I had to replace a battery connector because one broke off (the negative) and noticed that the cable inside the protective covering is corroded badly, I am guessing it might be a bad set of cables or the starter. I will be checking the cable in a while, but don't want to try taking the easy way out on this one, that already caused problems with another car. 

Any ideas what it might be if it isn't one of those two?


----------



## SleepyBeast (Dec 20, 2017)

Checking the cable there is maybe a .01 volt drop between batter and the starter. So I am thinking it is the starter and not the cable.

Only Nissan I worked on before was a 78 280ZX, so no idea if there is anything I may be overlooking here.


----------



## smj999smj (Jan 1, 2006)

The fact that it is clicking/cranking real slow tells us that the signal is getting to the starter from the ignition switch. If the battery, cables and their connections are good, it is likely a bad starter motor. It's not too bad of a job as you get it from the top side of the transmission. Remove the air box and duct out of the way and you'll see it. IIRC, one mounting bolt head is a 14MM and the other a 17MM (which can sometimes be stubborn to break loose and may require a breaker bar). One harness connector to unplug and a 12MM nut at the solenoid and pull the starter out and up. It's best to stick with a genuine Nissan reman starter if you can afford it.


----------



## madmaxima4741 (May 20, 2017)

smj999smj said:


> The fact that it is clicking/cranking real slow tells us that the signal is getting to the starter from the ignition switch. If the battery, cables and their connections are good, it is likely a bad starter motor. It's not too bad of a job as you get it from the top side of the transmission. Remove the air box and duct out of the way and you'll see it. IIRC, one mounting bolt head is a 14MM and the other a 17MM (which can sometimes be stubborn to break loose and may require a breaker bar). One harness connector to unplug and a 12MM nut at the solenoid and pull the starter out and up. It's best to stick with a genuine Nissan reman starter if you can afford it.


Good advice.


----------



## SleepyBeast (Dec 20, 2017)

I may have been wrong about the battery cables, I tried jumping it with a screwdriver at the solenoid, usually that gives a huge spark and cranks the starter, even hooked up to another car, or using a portable jump starter it gets a tiny spark, barely any at all. So I am thinking it may be the cables, so will start replacing them while it is still apart (the intake is out and battery ready to be removed again)

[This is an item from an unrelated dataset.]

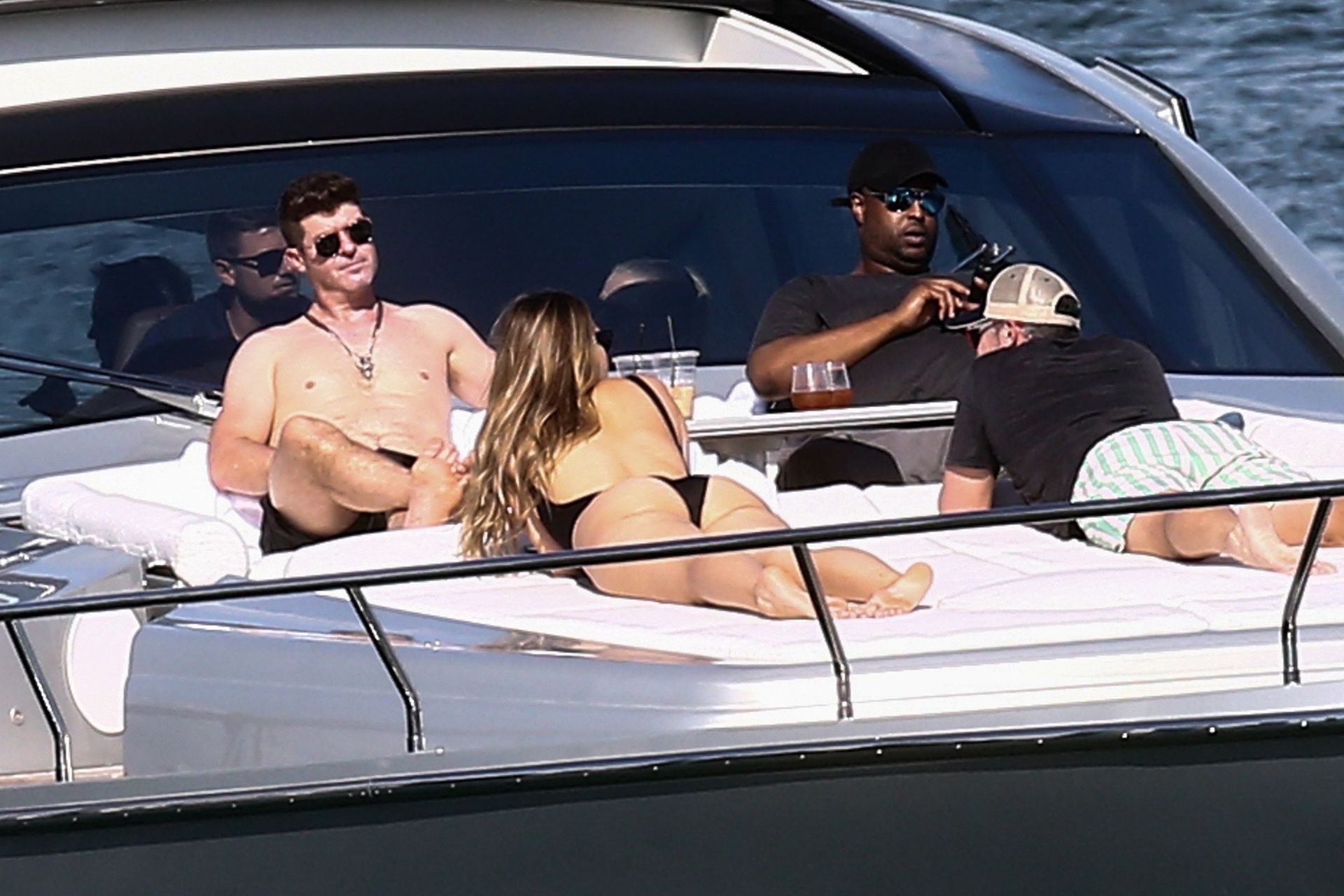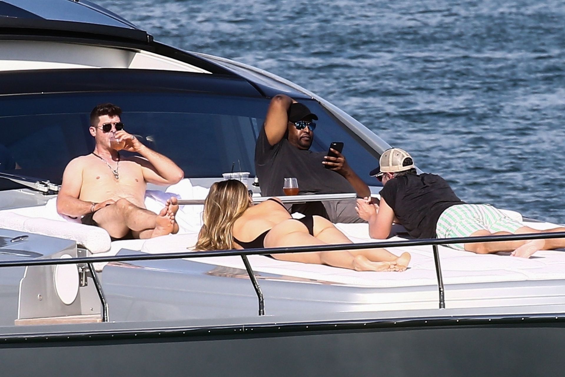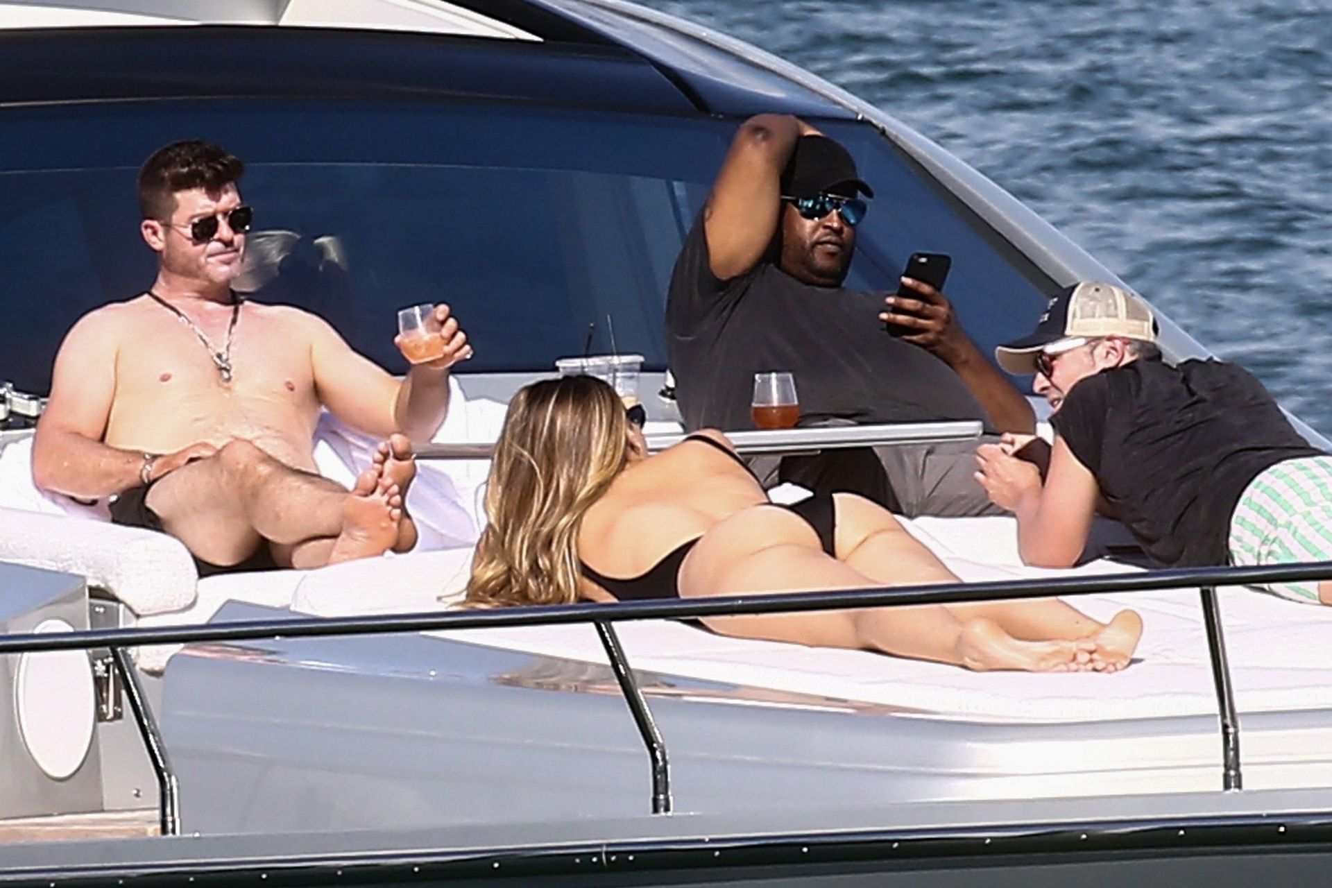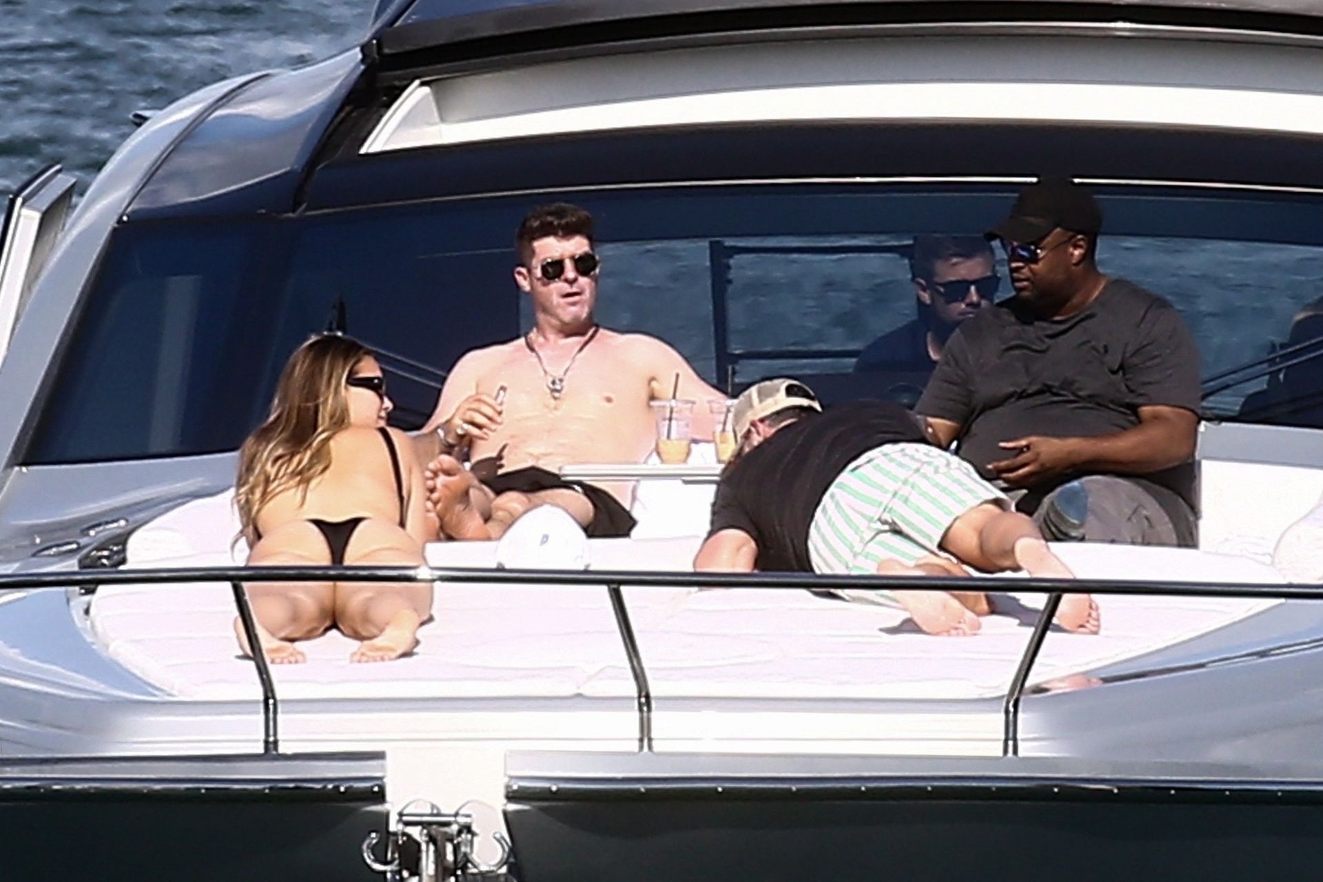 Crooner Robin Thicke and his sexy blonde, April Love Geary, are tanning it up on a yacht with friends while holidaying in Miami, 11/22/2019.
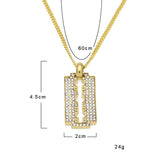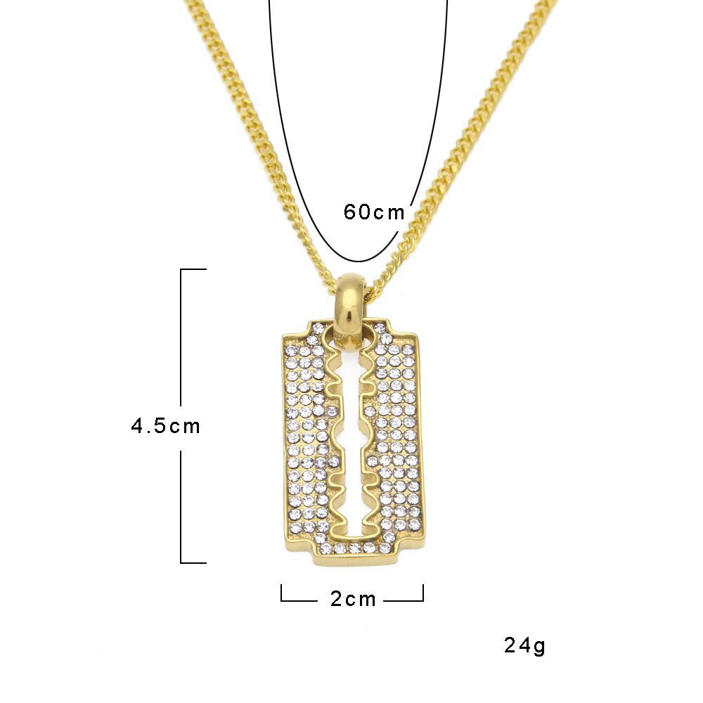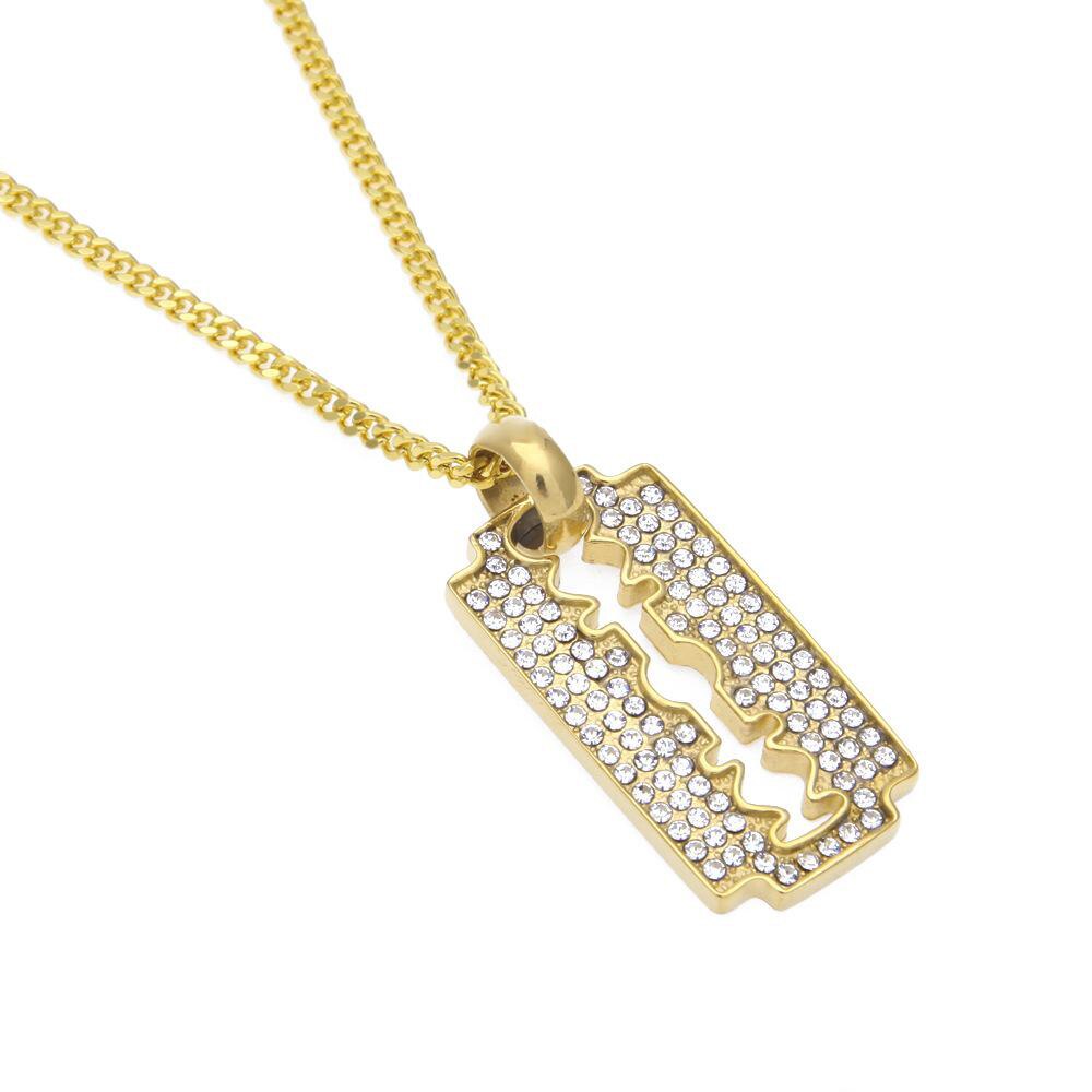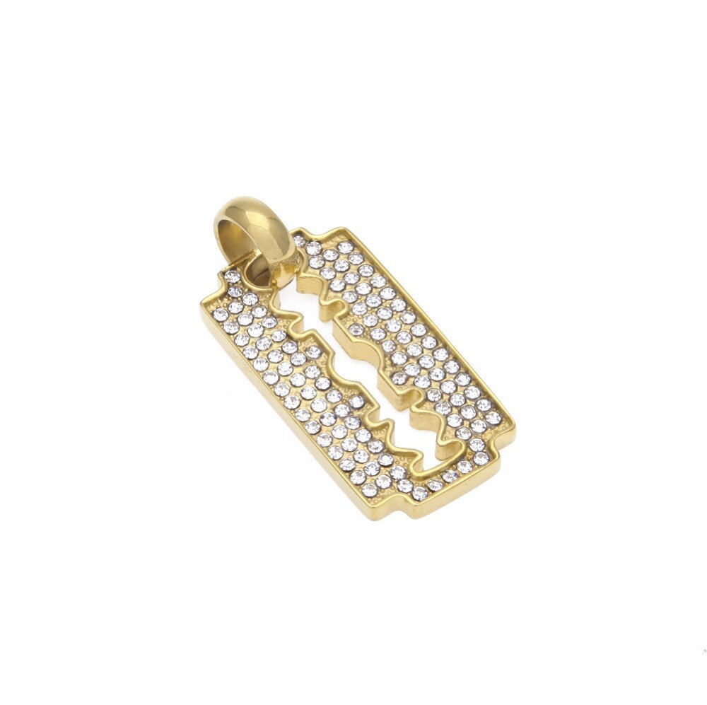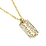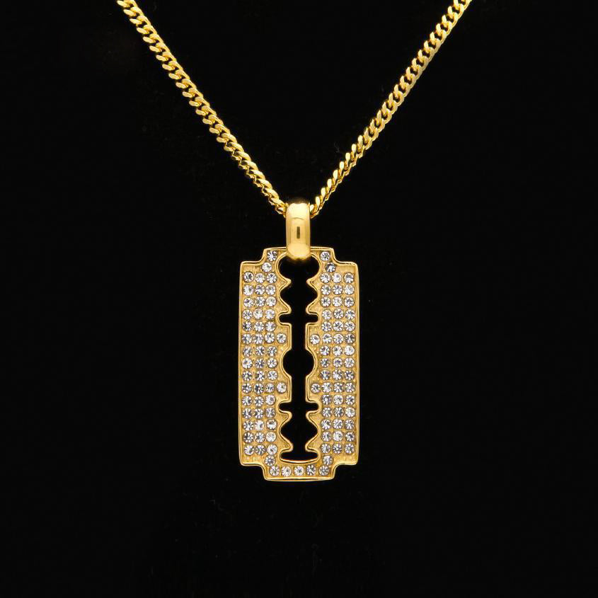 Classic Razon Blade iced out. Features a secure Triple Lock Clasp with the Hip Hop Bling Logo. Highly detailed with intricate details and stone setting. All stones are VVS Simulated Diamonds that are prong set.

Just an update and maybe if anyone has any ideas that differ from mine would be glad to hear them.


----------



## SleepyBeast (Dec 20, 2017)

Was the starter, now I am getting a couple codes that only came on once it started raining, was 4 earlier, after clearing it it was 4 pending, now i is down to 2 pending and current, both sets the same code. 

P1105 and P1130, Will check them again after the rain is gone and everything is dry. Just an update.


----------



## SleepyBeast (Dec 20, 2017)

Codes (other than the P0500 which wasn't mentioned) cleared up after putting the hoses on right. When I had got the car three hoses were chewed up, 2 all the way through and one part way so when replacing them got them mixed up.


----------